1.3 Additions and amendments to these General Purchasing Conditions by any of our staff, with the exception of managing directors or authorised signatories, must be confirmed by us in text from in order to be valid.

2. Orders and deliveries

2.1 Unless our orders contain a specific binding period, we shall be bound to them for two weeks from the date of the order.

2.2 Agreed deadlines for deliveries and service are binding. The supplier is to inform us directly in text form in the event of the occurrence or likelihood of any circumstances that will make it impossible to observe the delivery date. If we agree in text form to the set time being exceeded, there shall not be a default.

2.3 If a time is defined by calendar for the delivery or service, or can be defined on the basis of the order, then the supplier shall be considered in default at the end of that day without the need for us to issue a reminder. With regard to set dates, the default shall arise as soon as the last agreed day for delivery is exceeded.

2.4 In the event of a delay in delivery, we shall be entitled to any and all legal claims, including that of withdrawal and compensation, instead of the service after the unsuccessful expiry of a reasonable deadline.

2.5 We may impose a penalty of 0.5% and maximum 5% of the respective order value on the supplier in the event of a delivery delay after prior warning in text form for each commenced week. The penalty is to be offset against any damages due by delay by the supplier.

2.6 Even if shipment is agreed, the risk does not pass to us until the goods are at the agreed destination. The costs for transportation including packaging, insurance and any additional costs will all be borne by the supplier.

2.7 The supplier is obliged to provide all deliveries in the quality and composition stipulated in the accepted sample provided by him and checked by us.

2.8 The supplier is not to make partial deliveries without our prior agreement in text form.

3. Warranty

3.1 In the event of any defects, we are entitled to full statutory claims. However, in this case the warranty period shall be 36 months.

3.2 Variations in quality and quantity and obvious defects shall be considered as reported promptly if we inform the supplier of them within 5 working days of delivery of the goods. Concealed defects shall be considered as reported in time if the supplier is informed of them within 14 days of their discovery.

3.3 We shall still assert any claims under warranty even in the event of acceptance and approval of submitted samples and prototypes.

3.4 The seller guarantees that the goods he supplies comply with all the valid legal German and EU definitions with regard to contents, packaging and declarations. In particular, he shall observe the requirements of German food legislation and of the labelling regulation.

3.5 The seller is to carefully appoint and supervise his staff to ensure that the possibility of any misrepresentation of his goods, whether intended or not, and in particular of the sale of misrepresented or erroneously labelled goods is ruled out.

3.6 Receipt of our written notification of defects by the supplier will suspend the limitation period of any claims under warranty.

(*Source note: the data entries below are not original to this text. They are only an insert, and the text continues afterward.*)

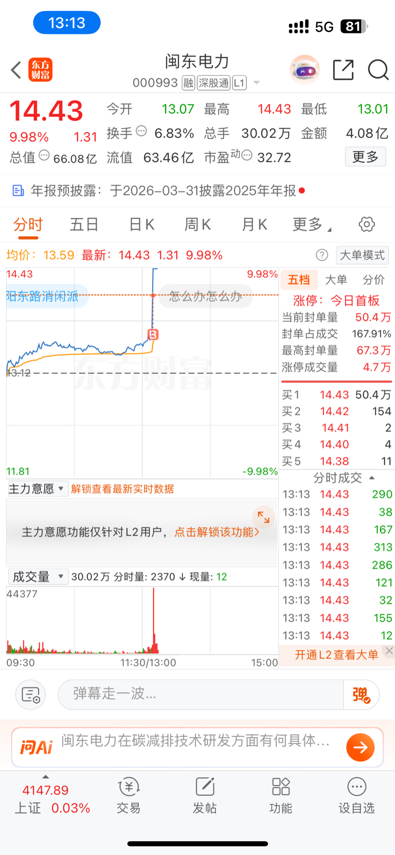 $闽东电力(SZ000993)$ 明天开盘价出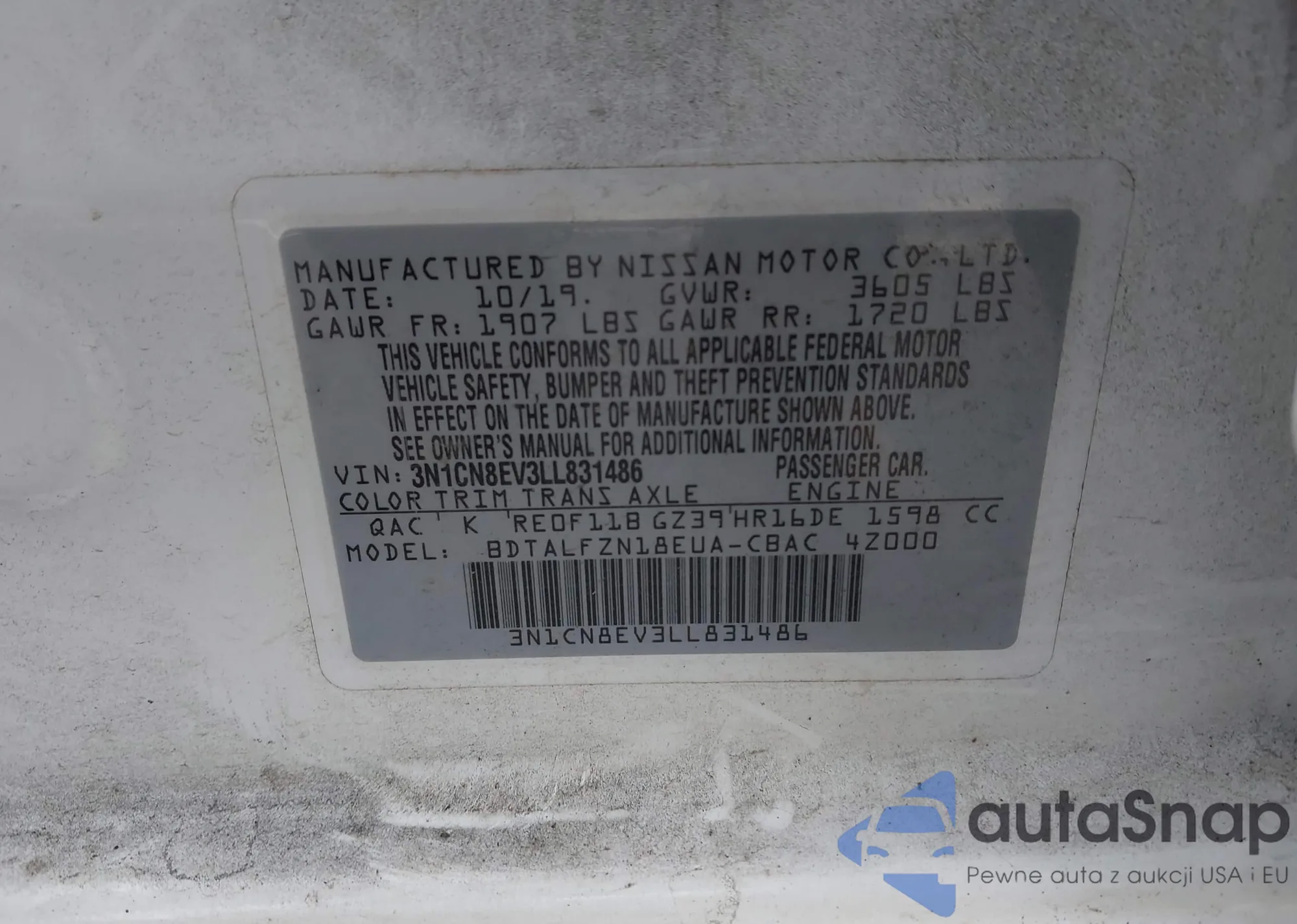 • VIN 3N1CN8EV3LL831486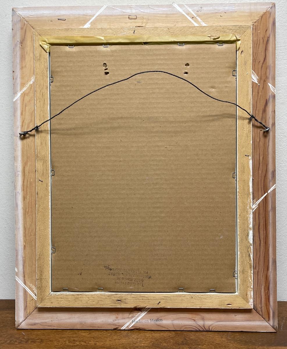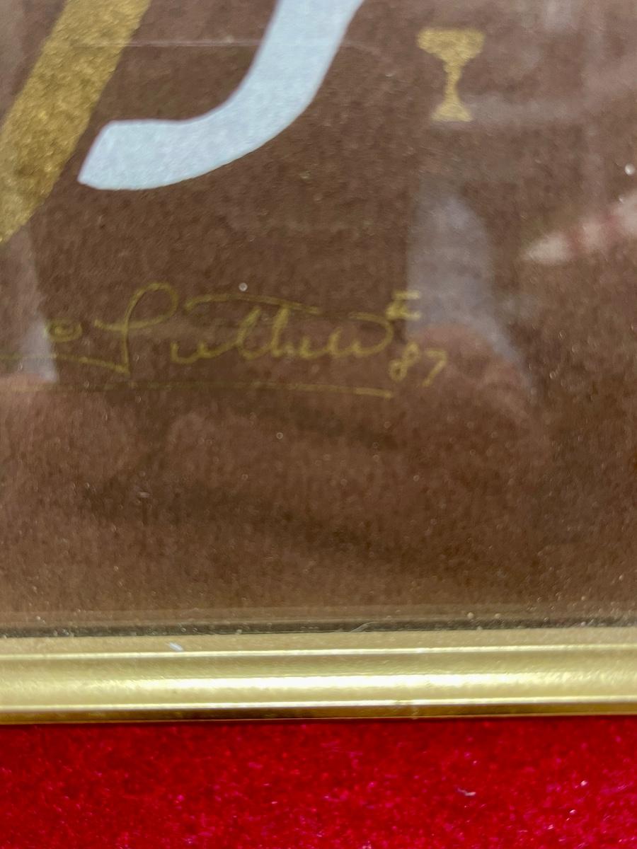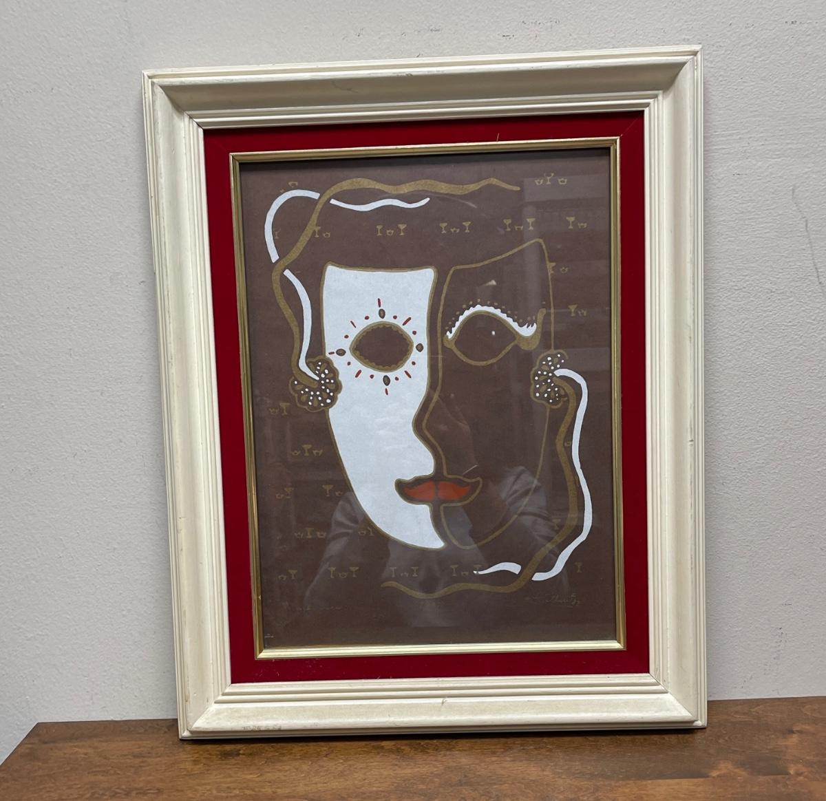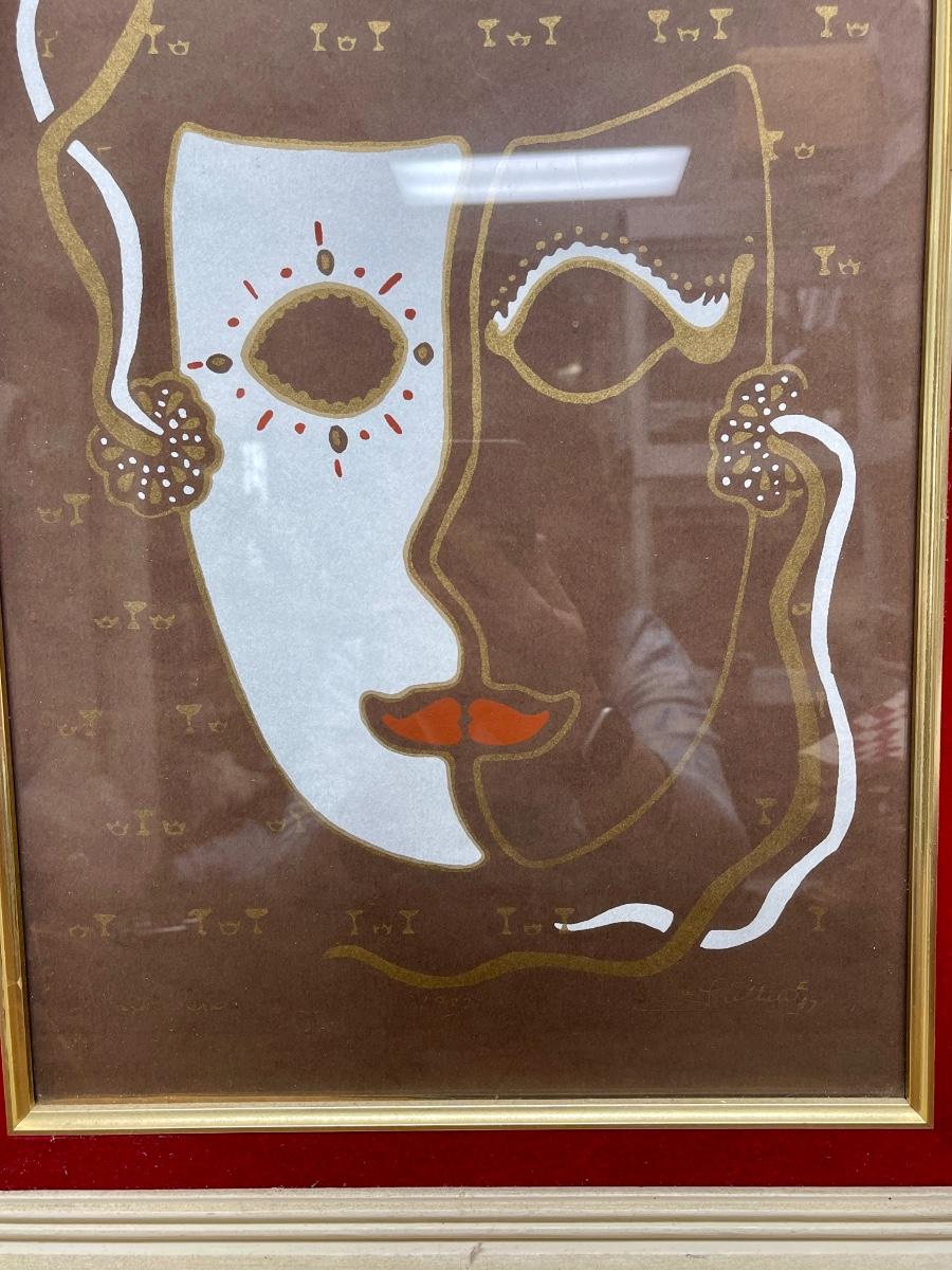 Abstract image of a masquerade mask on a dark background with a repeating pattern of gold crowns and wine glasses. Signed "Luthile 87" Good condition, framed size approx. 17" x 21".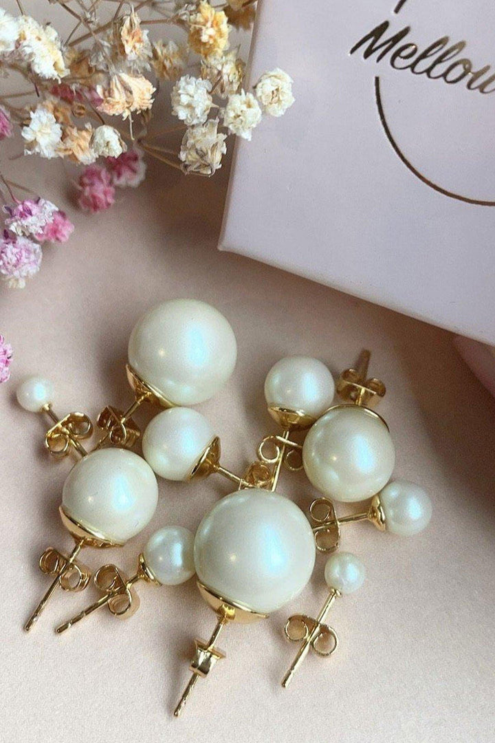 Perlenohrringe von Mellow Moon mit vergoldeter Oberfläche und cremeweißen Glasperlen. Die Ohrringe sind in verschiedenen Perlengrößen von 4 bis 12 Millimetern erhältlich, sodass sie an den individuellen Stil angepasst werden können.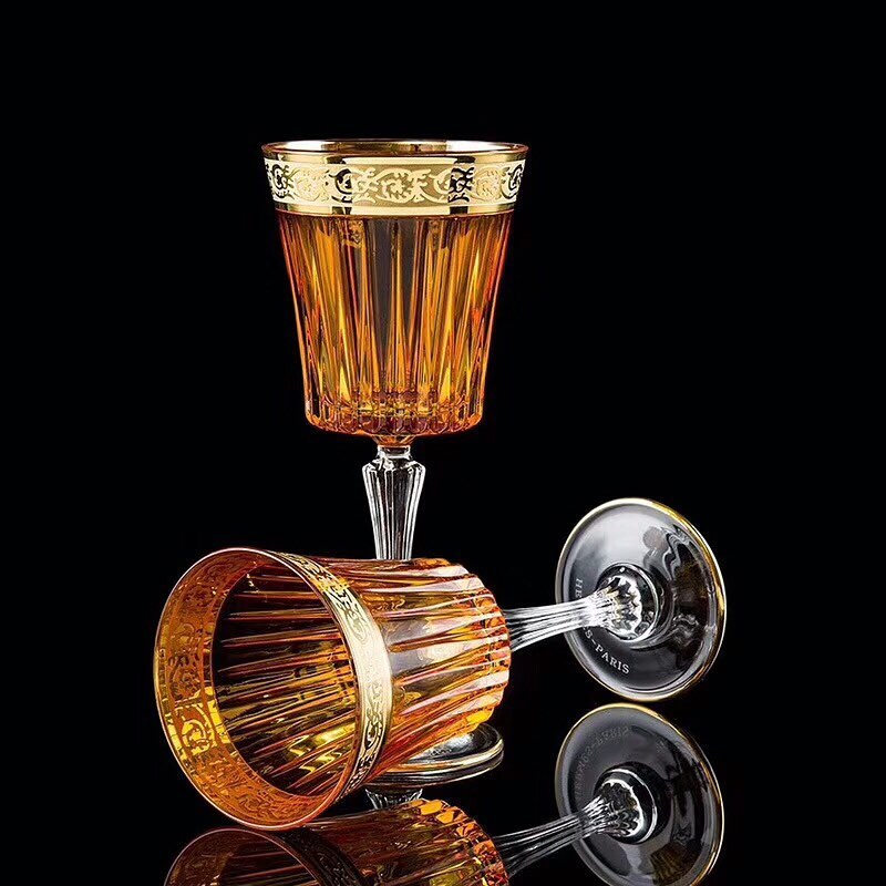 Пара фужеров Hermes LUX-31466 представляет собой изысканный набор, выполненный в классическом стиле с элементами роскоши. Фужеры окрашены в насыщенный янтарный цвет и декорированы золотистым орнаментом по верхнему ободку, что придает им элегантный и утонченный вид. Граненые стенки чаши отражают свет, создавая игру бликов и подчеркивая благородство напитка.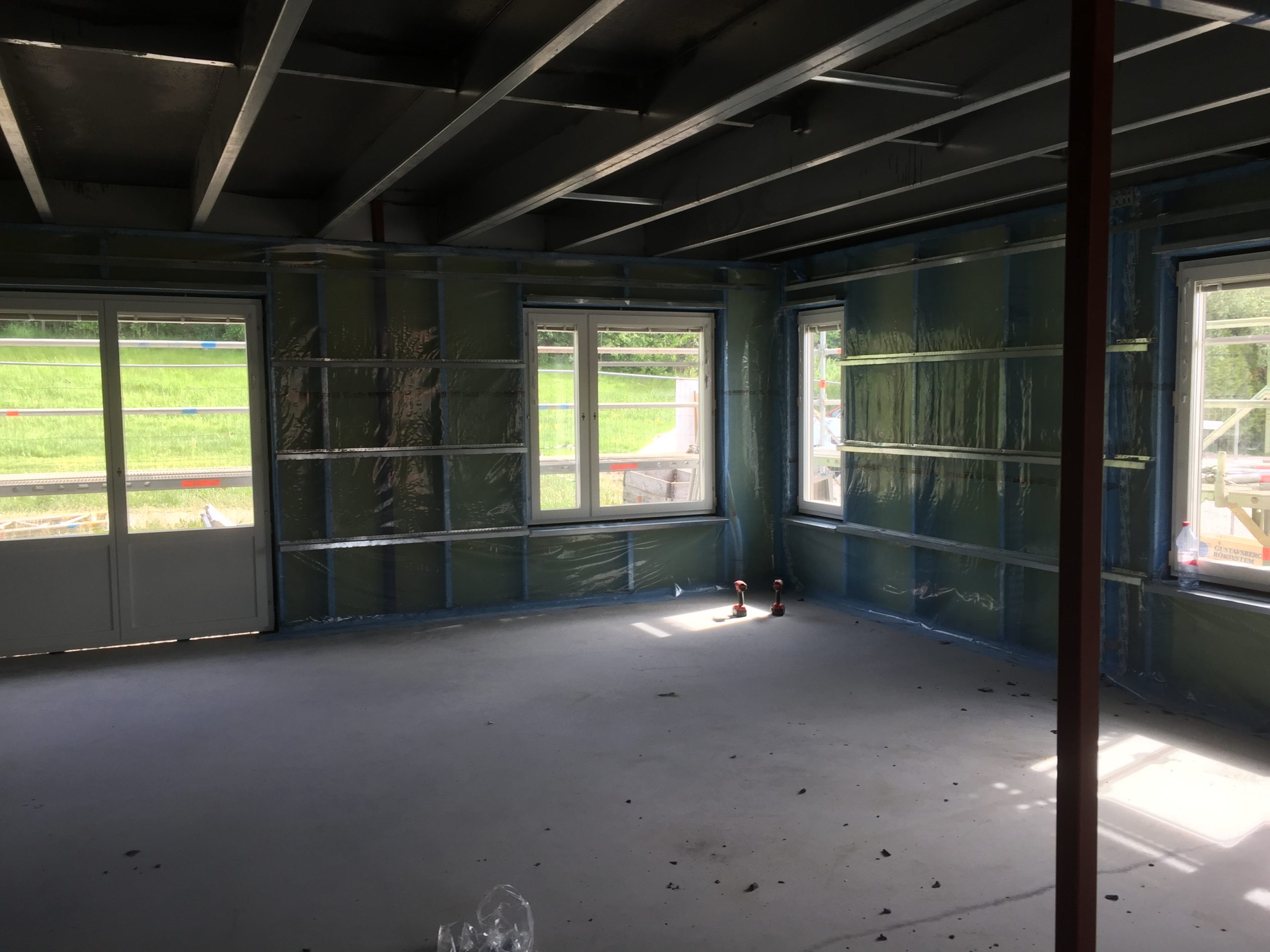 Väggar och bjälklag levereras med öppna installationsutrymmen och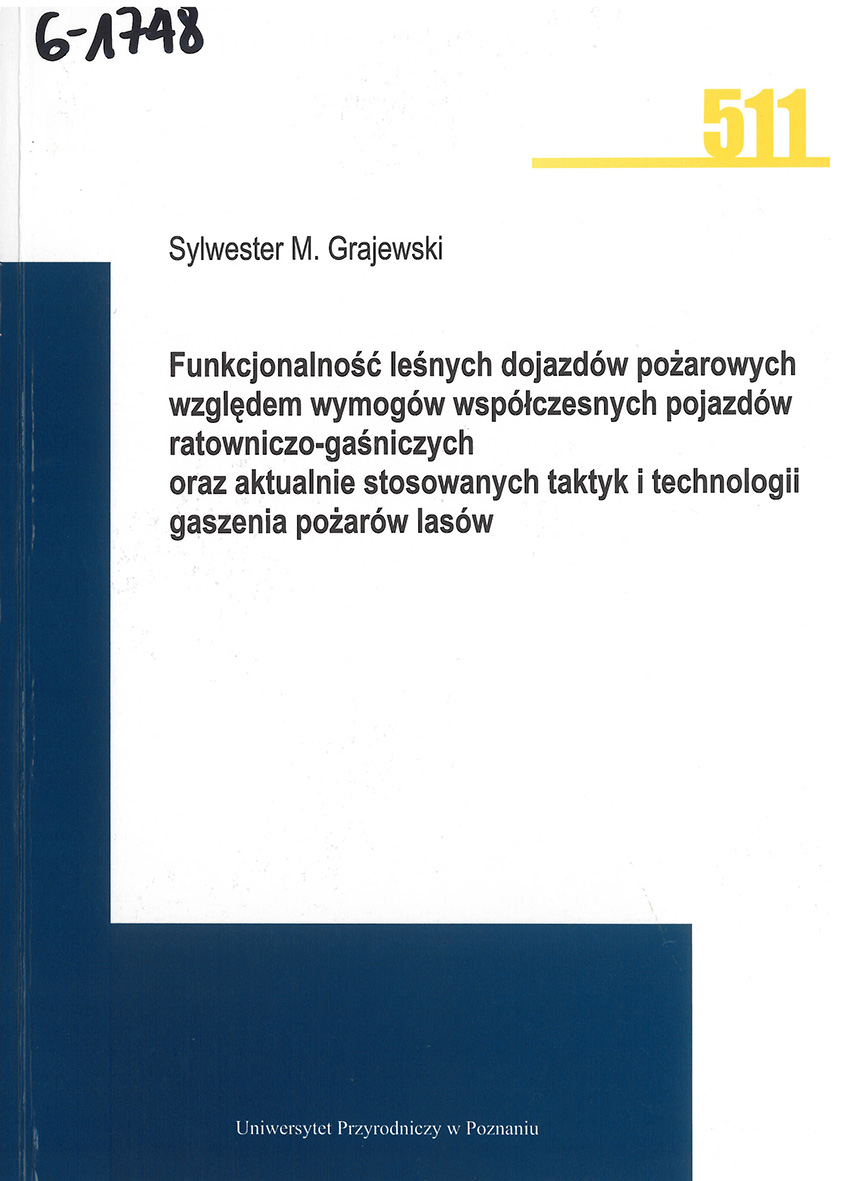Grajewski S. M., Funkcjonalność leśnych dojazdów pożarowych względem wymogów współczesnych pojazdów ratowniczo-gaśniczych oraz aktualnie stosowanych taktyk i technologii gaszenia pożarów lasów, Poznań 2019.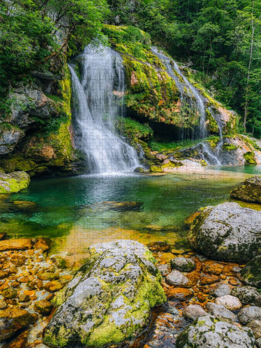 Ein Wasserfall wie aus einem Traum Eingebettet in moosbedeckte Felsen stürzt der Virje-Wasserfall in ein smaragdgrünes Becken – ruhig, klar und mä...

4. Ownership structures and data privacy

4.1 The supplier's ownership structures shall only apply insofar as they relate to our payment obligation for those products over which the supplier reserves ownership. No extended rights of retention shall be accepted.

4.2 We are entitled to process any personal details relevant to the business association in accordance with the Federal Data Protection Act.

5. Prices and payment

5.1 The price stated in the order is binding.

5.2 Unless otherwise agreed, we shall pay the purchase price within 14 days of the delivery and receipt of the invoice with 3% discount, or net within 30 days. Payment will be considered as having been made on time when our bank receives our transfer order for the amount we owe.

5.3 We are entitled to offset against the supplier's claim provided the amount of this offset is undisputed or legally binding. In the event of defective deliveries, we are entitled to delay payment at least until an official and impartial test result is available with no loss of discounts or other payment reductions.

5.4 The place of fulfilment for payments is Trier.

6. Final provisions

6.1 The sole place of jurisdiction for any disputes arising from the contractual relationship is Trier. However, we are also free to take action against the supplier or lessor at his place of general jurisdiction.

6.2 The contracts concluded between us and the supplier or lessor are subject to the law of the Federal Republic of Germany under exclusion of the agreement on the international sale of goods (UN Convention on Contracts).